┌──
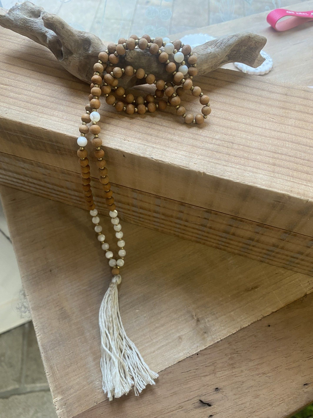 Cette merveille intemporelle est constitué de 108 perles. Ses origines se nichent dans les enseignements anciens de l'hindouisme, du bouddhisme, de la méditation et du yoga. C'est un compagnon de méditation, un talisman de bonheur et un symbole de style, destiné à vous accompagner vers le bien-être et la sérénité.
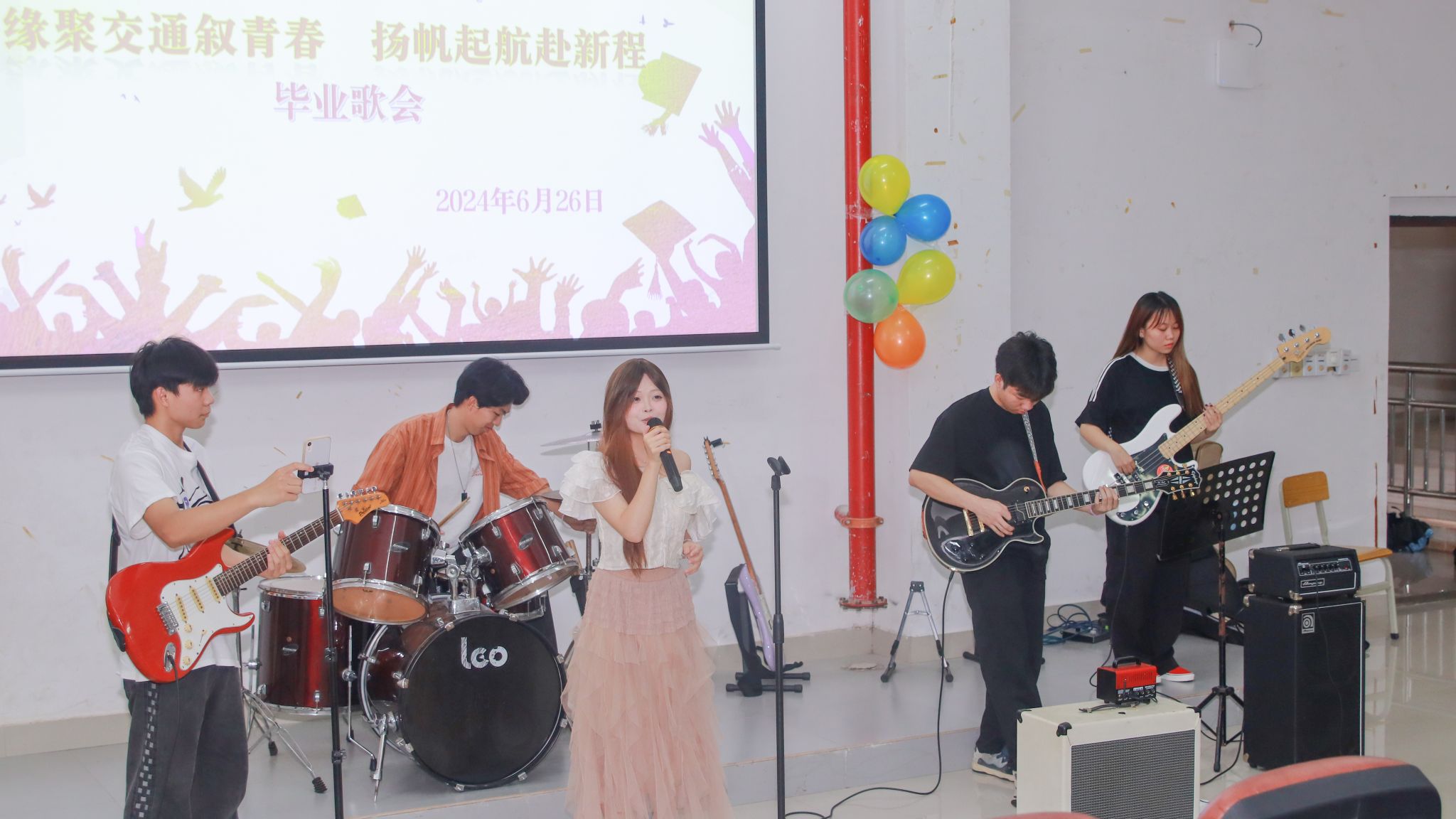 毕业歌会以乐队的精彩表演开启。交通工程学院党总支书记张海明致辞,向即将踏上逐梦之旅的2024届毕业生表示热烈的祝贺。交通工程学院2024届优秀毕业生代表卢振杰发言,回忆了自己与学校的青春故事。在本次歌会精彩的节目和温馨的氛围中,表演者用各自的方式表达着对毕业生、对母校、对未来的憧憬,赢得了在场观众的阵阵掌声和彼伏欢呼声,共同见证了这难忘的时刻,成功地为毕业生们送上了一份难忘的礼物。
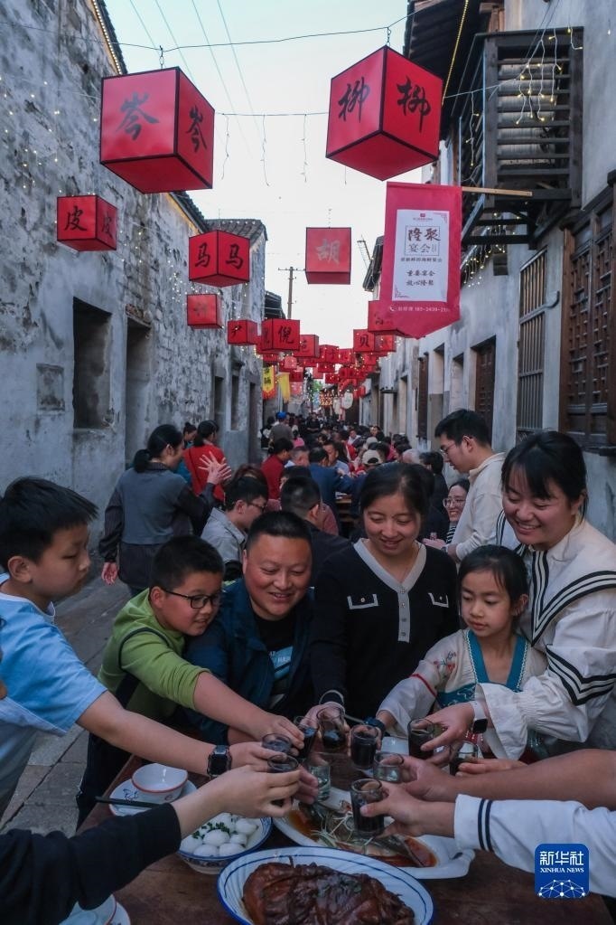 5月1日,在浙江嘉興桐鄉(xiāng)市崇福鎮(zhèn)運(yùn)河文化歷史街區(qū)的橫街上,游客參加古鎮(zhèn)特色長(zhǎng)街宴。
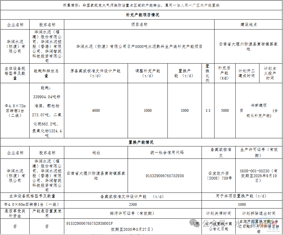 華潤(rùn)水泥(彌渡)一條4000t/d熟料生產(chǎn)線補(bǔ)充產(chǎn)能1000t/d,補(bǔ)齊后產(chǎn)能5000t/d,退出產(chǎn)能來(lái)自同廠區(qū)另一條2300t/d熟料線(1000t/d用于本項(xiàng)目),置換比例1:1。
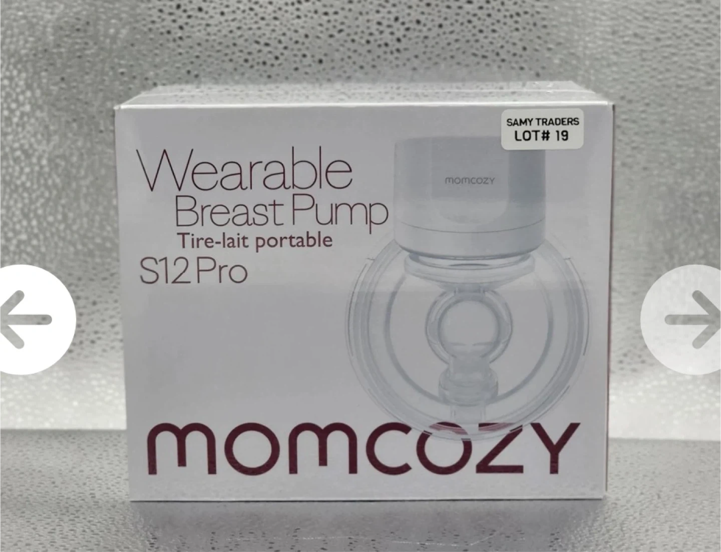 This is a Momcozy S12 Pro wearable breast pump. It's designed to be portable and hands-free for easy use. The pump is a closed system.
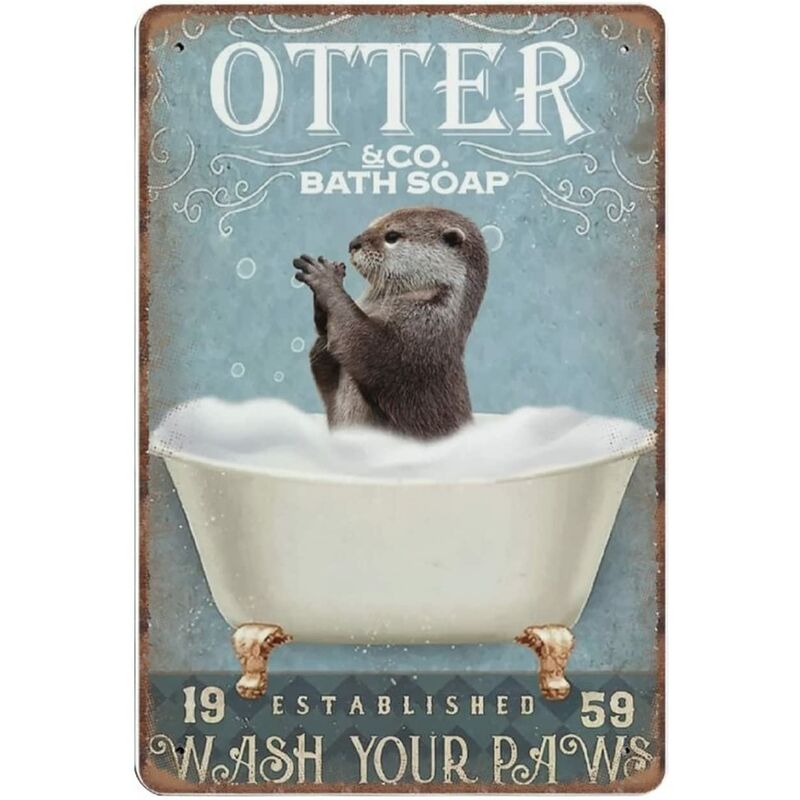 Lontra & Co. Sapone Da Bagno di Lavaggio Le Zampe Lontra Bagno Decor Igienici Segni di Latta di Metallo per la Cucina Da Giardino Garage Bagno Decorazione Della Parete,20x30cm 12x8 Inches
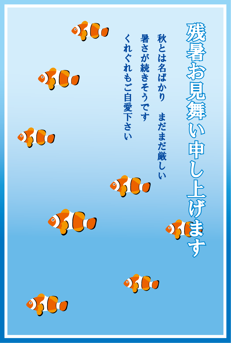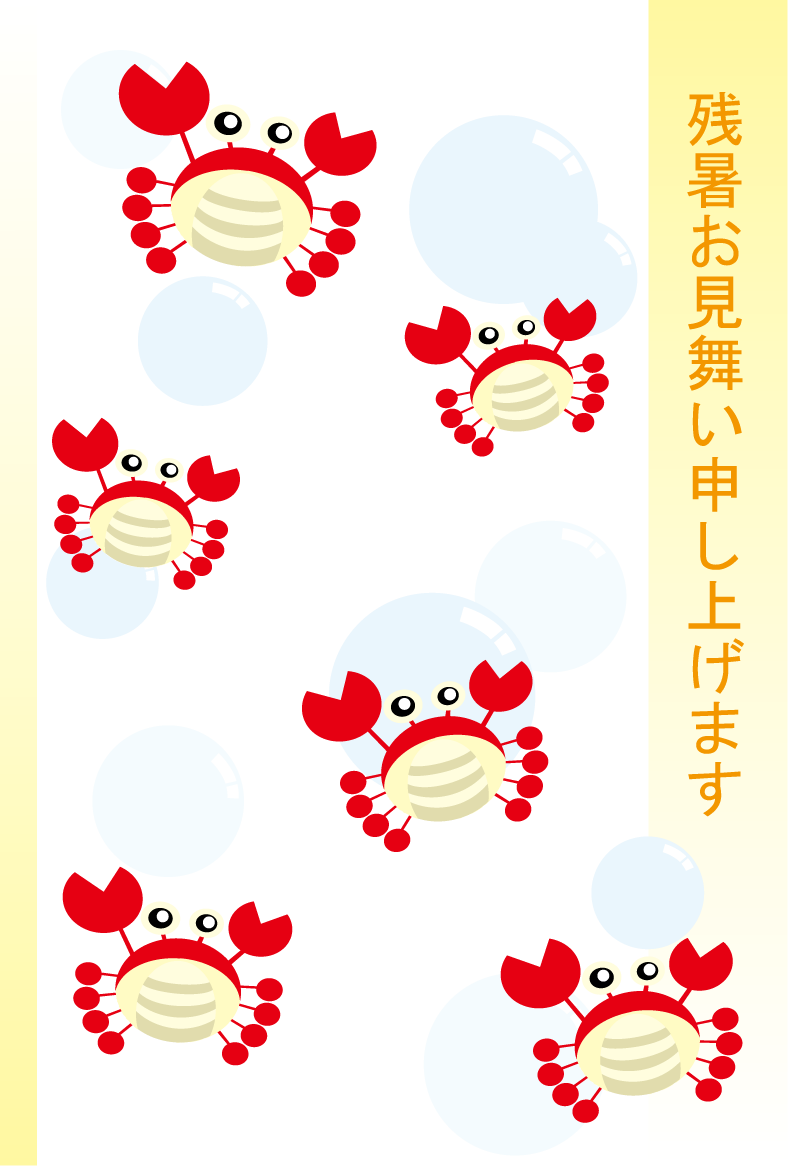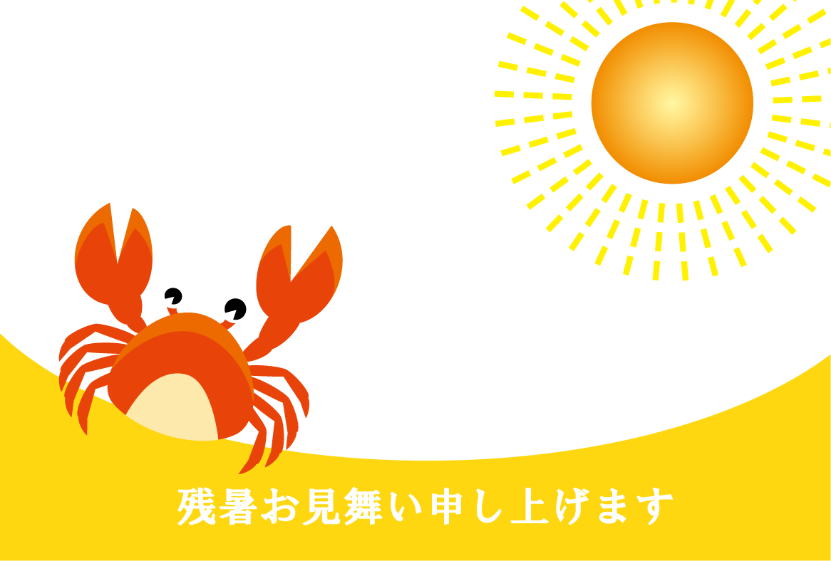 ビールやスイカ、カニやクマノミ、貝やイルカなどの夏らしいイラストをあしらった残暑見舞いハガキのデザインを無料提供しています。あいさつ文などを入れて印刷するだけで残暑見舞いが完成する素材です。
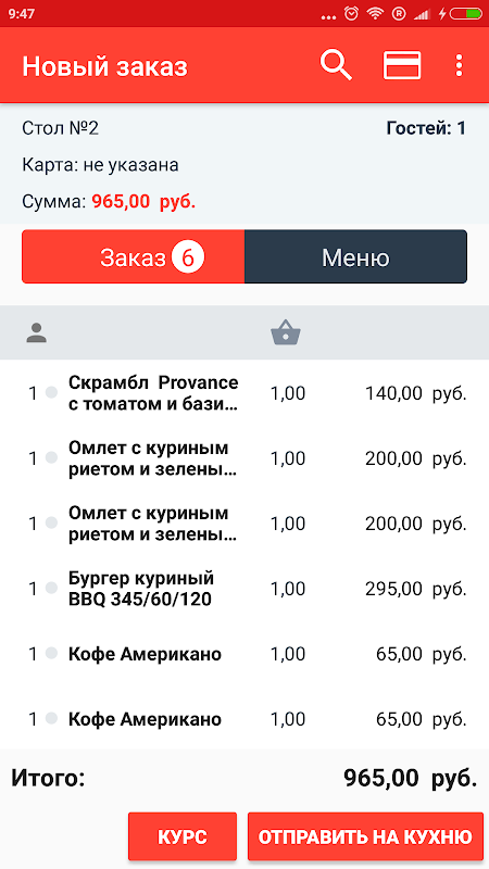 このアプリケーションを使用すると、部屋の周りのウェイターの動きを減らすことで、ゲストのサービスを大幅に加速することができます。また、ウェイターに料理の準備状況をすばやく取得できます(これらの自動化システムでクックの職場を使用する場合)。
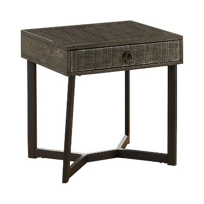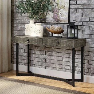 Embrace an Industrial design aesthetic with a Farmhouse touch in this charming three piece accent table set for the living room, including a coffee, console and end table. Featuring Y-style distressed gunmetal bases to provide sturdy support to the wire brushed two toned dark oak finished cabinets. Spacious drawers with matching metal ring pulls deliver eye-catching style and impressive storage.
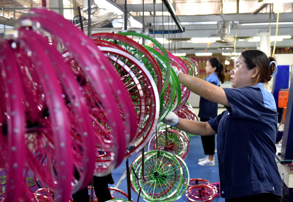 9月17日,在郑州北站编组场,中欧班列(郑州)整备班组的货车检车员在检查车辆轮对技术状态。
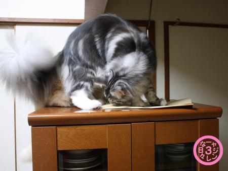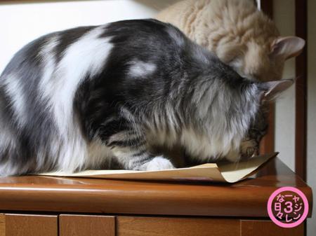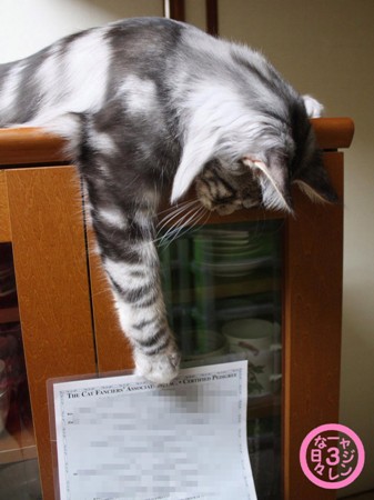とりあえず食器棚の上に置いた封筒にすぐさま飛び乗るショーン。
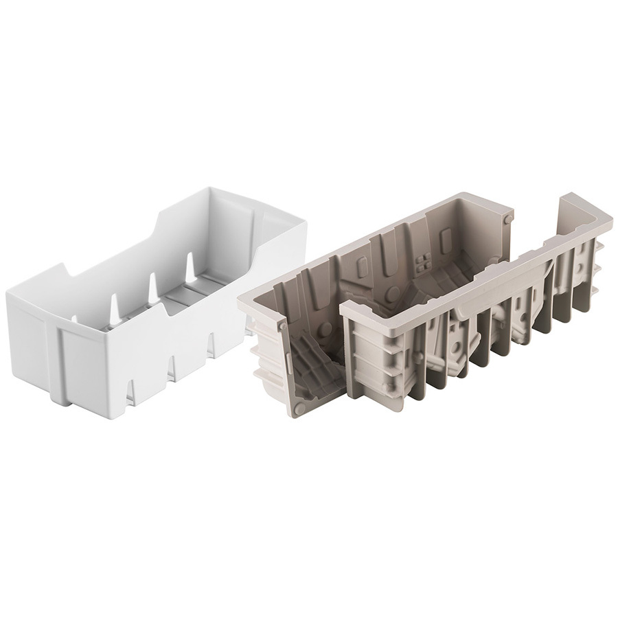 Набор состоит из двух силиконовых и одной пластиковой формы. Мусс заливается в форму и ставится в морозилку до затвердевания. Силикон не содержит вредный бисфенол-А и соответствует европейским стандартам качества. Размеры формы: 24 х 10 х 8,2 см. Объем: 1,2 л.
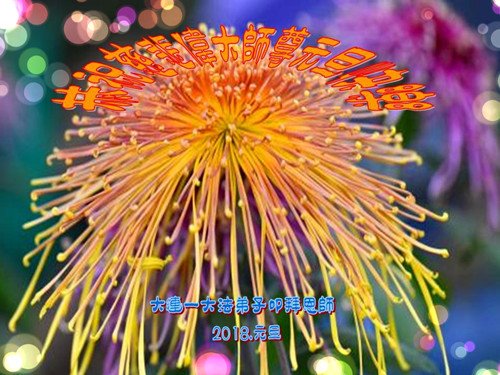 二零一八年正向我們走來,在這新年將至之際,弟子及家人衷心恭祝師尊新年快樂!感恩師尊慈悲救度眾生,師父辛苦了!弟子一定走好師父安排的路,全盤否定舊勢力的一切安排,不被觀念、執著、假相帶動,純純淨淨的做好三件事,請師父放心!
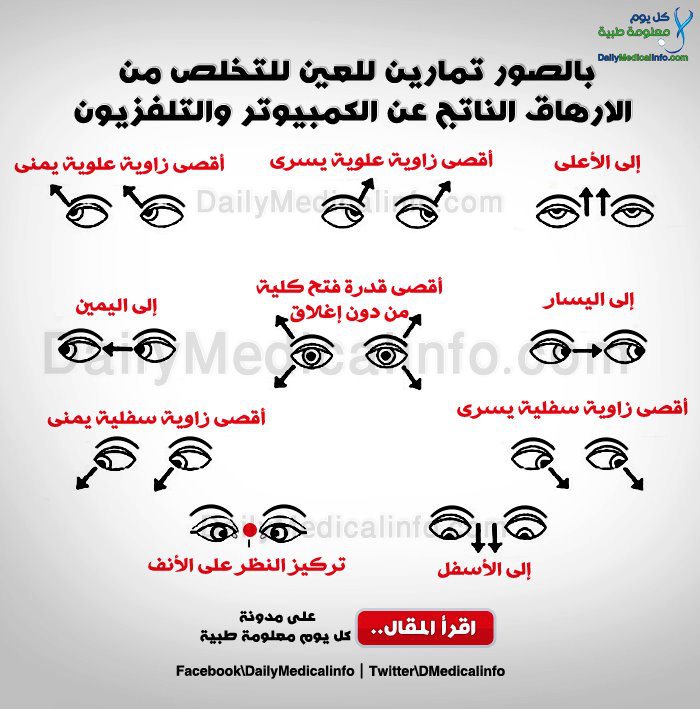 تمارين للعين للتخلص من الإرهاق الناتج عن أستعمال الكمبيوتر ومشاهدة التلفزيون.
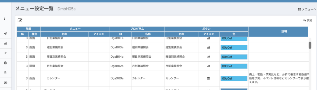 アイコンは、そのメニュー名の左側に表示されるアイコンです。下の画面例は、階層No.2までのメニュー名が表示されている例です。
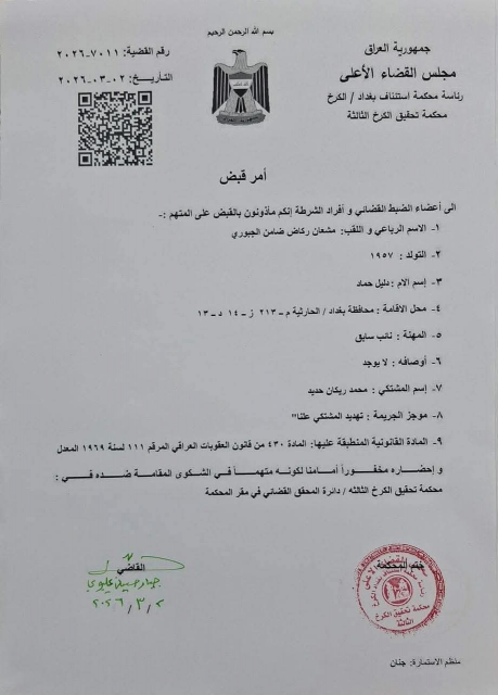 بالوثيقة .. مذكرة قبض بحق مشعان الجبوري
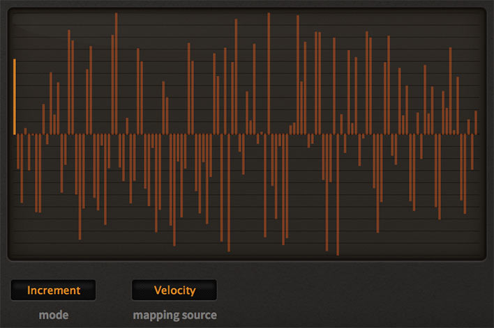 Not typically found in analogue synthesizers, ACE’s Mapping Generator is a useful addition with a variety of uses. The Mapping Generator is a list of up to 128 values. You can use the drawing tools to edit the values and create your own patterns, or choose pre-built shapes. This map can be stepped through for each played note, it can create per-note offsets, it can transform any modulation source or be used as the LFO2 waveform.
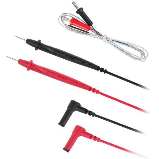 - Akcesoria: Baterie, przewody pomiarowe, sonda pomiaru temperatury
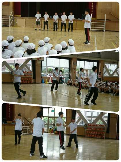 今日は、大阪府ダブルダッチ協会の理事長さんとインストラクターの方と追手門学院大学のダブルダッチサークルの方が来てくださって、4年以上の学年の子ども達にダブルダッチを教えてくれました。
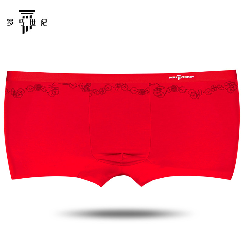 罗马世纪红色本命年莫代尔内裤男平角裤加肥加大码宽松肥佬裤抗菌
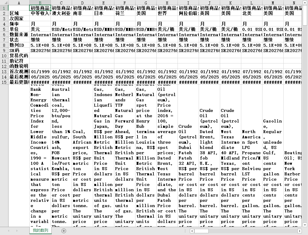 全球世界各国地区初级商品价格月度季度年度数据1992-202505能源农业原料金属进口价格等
└──
To do
Drop the pictures and reproduce the rest of the data exactly.

Response
 Cette merveille intemporelle est constitué de 108 perles. Ses origines se nichent dans les enseignements anciens de l'hindouisme, du bouddhisme, de la méditation et du yoga. C'est un compagnon de méditation, un talisman de bonheur et un symbole de style, destiné à vous accompagner vers le bien-être et la sérénité.
 毕业歌会以乐队的精彩表演开启。交通工程学院党总支书记张海明致辞,向即将踏上逐梦之旅的2024届毕业生表示热烈的祝贺。交通工程学院2024届优秀毕业生代表卢振杰发言,回忆了自己与学校的青春故事。在本次歌会精彩的节目和温馨的氛围中,表演者用各自的方式表达着对毕业生、对母校、对未来的憧憬,赢得了在场观众的阵阵掌声和彼伏欢呼声,共同见证了这难忘的时刻,成功地为毕业生们送上了一份难忘的礼物。
 5月1日,在浙江嘉興桐鄉(xiāng)市崇福鎮(zhèn)運(yùn)河文化歷史街區(qū)的橫街上,游客參加古鎮(zhèn)特色長(zhǎng)街宴。
 華潤(rùn)水泥(彌渡)一條4000t/d熟料生產(chǎn)線補(bǔ)充產(chǎn)能1000t/d,補(bǔ)齊后產(chǎn)能5000t/d,退出產(chǎn)能來(lái)自同廠區(qū)另一條2300t/d熟料線(1000t/d用于本項(xiàng)目),置換比例1:1。
 This is a Momcozy S12 Pro wearable breast pump. It's designed to be portable and hands-free for easy use. The pump is a closed system.
 Lontra & Co. Sapone Da Bagno di Lavaggio Le Zampe Lontra Bagno Decor Igienici Segni di Latta di Metallo per la Cucina Da Giardino Garage Bagno Decorazione Della Parete,20x30cm 12x8 Inches
 ビールやスイカ、カニやクマノミ、貝やイルカなどの夏らしいイラストをあしらった残暑見舞いハガキのデザインを無料提供しています。あいさつ文などを入れて印刷するだけで残暑見舞いが完成する素材です。
 このアプリケーションを使用すると、部屋の周りのウェイターの動きを減らすことで、ゲストのサービスを大幅に加速することができます。また、ウェイターに料理の準備状況をすばやく取得できます(これらの自動化システムでクックの職場を使用する場合)。
 Embrace an Industrial design aesthetic with a Farmhouse touch in this charming three piece accent table set for the living room, including a coffee, console and end table. Featuring Y-style distressed gunmetal bases to provide sturdy support to the wire brushed two toned dark oak finished cabinets. Spacious drawers with matching metal ring pulls deliver eye-catching style and impressive storage.
 9月17日,在郑州北站编组场,中欧班列(郑州)整备班组的货车检车员在检查车辆轮对技术状态。
とりあえず食器棚の上に置いた封筒にすぐさま飛び乗るショーン。
 Набор состоит из двух силиконовых и одной пластиковой формы. Мусс заливается в форму и ставится в морозилку до затвердевания. Силикон не содержит вредный бисфенол-А и соответствует европейским стандартам качества. Размеры формы: 24 х 10 х 8,2 см. Объем: 1,2 л.
 二零一八年正向我們走來,在這新年將至之際,弟子及家人衷心恭祝師尊新年快樂!感恩師尊慈悲救度眾生,師父辛苦了!弟子一定走好師父安排的路,全盤否定舊勢力的一切安排,不被觀念、執著、假相帶動,純純淨淨的做好三件事,請師父放心!
 تمارين للعين للتخلص من الإرهاق الناتج عن أستعمال الكمبيوتر ومشاهدة التلفزيون.
 アイコンは、そのメニュー名の左側に表示されるアイコンです。下の画面例は、階層No.2までのメニュー名が表示されている例です。
 بالوثيقة .. مذكرة قبض بحق مشعان الجبوري
 Not typically found in analogue synthesizers, ACE’s Mapping Generator is a useful addition with a variety of uses. The Mapping Generator is a list of up to 128 values. You can use the drawing tools to edit the values and create your own patterns, or choose pre-built shapes. This map can be stepped through for each played note, it can create per-note offsets, it can transform any modulation source or be used as the LFO2 waveform.
 - Akcesoria: Baterie, przewody pomiarowe, sonda pomiaru temperatury
 今日は、大阪府ダブルダッチ協会の理事長さんとインストラクターの方と追手門学院大学のダブルダッチサークルの方が来てくださって、4年以上の学年の子ども達にダブルダッチを教えてくれました。
 罗马世纪红色本命年莫代尔内裤男平角裤加肥加大码宽松肥佬裤抗菌
 全球世界各国地区初级商品价格月度季度年度数据1992-202505能源农业原料金属进口价格等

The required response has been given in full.